▶ _Description of the task_: Reproduce word for word the line holding "Nếu Cảng Hà" and all lines after it in the data, through the end, leaving out pictures.
====== Input data ======
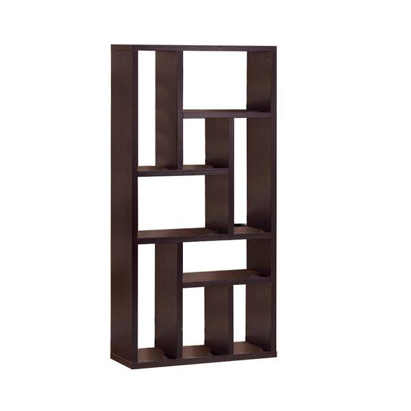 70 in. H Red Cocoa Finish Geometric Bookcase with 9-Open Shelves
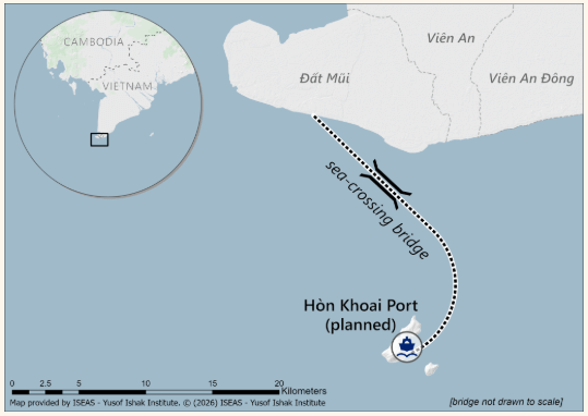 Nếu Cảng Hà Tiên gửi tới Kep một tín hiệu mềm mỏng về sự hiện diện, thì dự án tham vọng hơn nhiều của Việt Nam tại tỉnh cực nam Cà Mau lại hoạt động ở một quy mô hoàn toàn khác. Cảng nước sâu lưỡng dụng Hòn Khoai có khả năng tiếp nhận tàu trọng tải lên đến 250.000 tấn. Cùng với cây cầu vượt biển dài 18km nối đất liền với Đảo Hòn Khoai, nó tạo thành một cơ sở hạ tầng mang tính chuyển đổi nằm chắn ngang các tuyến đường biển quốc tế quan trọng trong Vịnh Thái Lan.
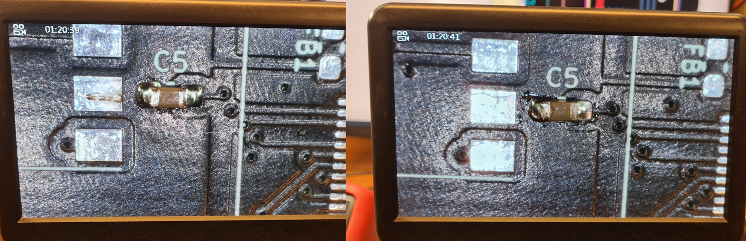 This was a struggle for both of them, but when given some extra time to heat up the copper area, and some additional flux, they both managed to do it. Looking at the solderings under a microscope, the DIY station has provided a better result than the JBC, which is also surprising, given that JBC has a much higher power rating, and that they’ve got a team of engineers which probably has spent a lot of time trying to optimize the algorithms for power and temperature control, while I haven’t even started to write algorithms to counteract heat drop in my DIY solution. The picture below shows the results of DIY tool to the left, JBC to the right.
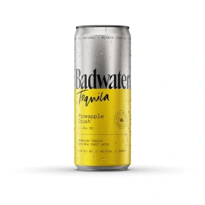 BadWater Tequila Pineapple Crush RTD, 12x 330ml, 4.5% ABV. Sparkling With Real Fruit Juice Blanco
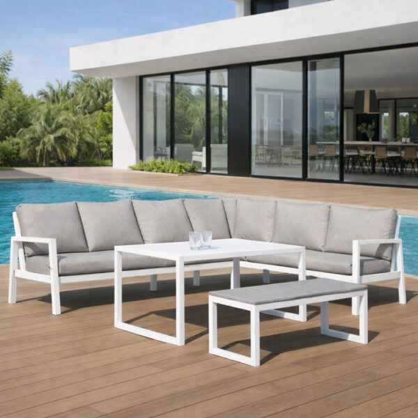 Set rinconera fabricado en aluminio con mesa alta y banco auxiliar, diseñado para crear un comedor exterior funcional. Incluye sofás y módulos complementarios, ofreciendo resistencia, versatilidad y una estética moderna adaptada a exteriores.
======
▶ _Exercise result_:
 Nếu Cảng Hà Tiên gửi tới Kep một tín hiệu mềm mỏng về sự hiện diện, thì dự án tham vọng hơn nhiều của Việt Nam tại tỉnh cực nam Cà Mau lại hoạt động ở một quy mô hoàn toàn khác. Cảng nước sâu lưỡng dụng Hòn Khoai có khả năng tiếp nhận tàu trọng tải lên đến 250.000 tấn. Cùng với cây cầu vượt biển dài 18km nối đất liền với Đảo Hòn Khoai, nó tạo thành một cơ sở hạ tầng mang tính chuyển đổi nằm chắn ngang các tuyến đường biển quốc tế quan trọng trong Vịnh Thái Lan.
 This was a struggle for both of them, but when given some extra time to heat up the copper area, and some additional flux, they both managed to do it. Looking at the solderings under a microscope, the DIY station has provided a better result than the JBC, which is also surprising, given that JBC has a much higher power rating, and that they’ve got a team of engineers which probably has spent a lot of time trying to optimize the algorithms for power and temperature control, while I haven’t even started to write algorithms to counteract heat drop in my DIY solution. The picture below shows the results of DIY tool to the left, JBC to the right.
 BadWater Tequila Pineapple Crush RTD, 12x 330ml, 4.5% ABV. Sparkling With Real Fruit Juice Blanco
 Set rinconera fabricado en aluminio con mesa alta y banco auxiliar, diseñado para crear un comedor exterior funcional. Incluye sofás y módulos complementarios, ofreciendo resistencia, versatilidad y una estética moderna adaptada a exteriores.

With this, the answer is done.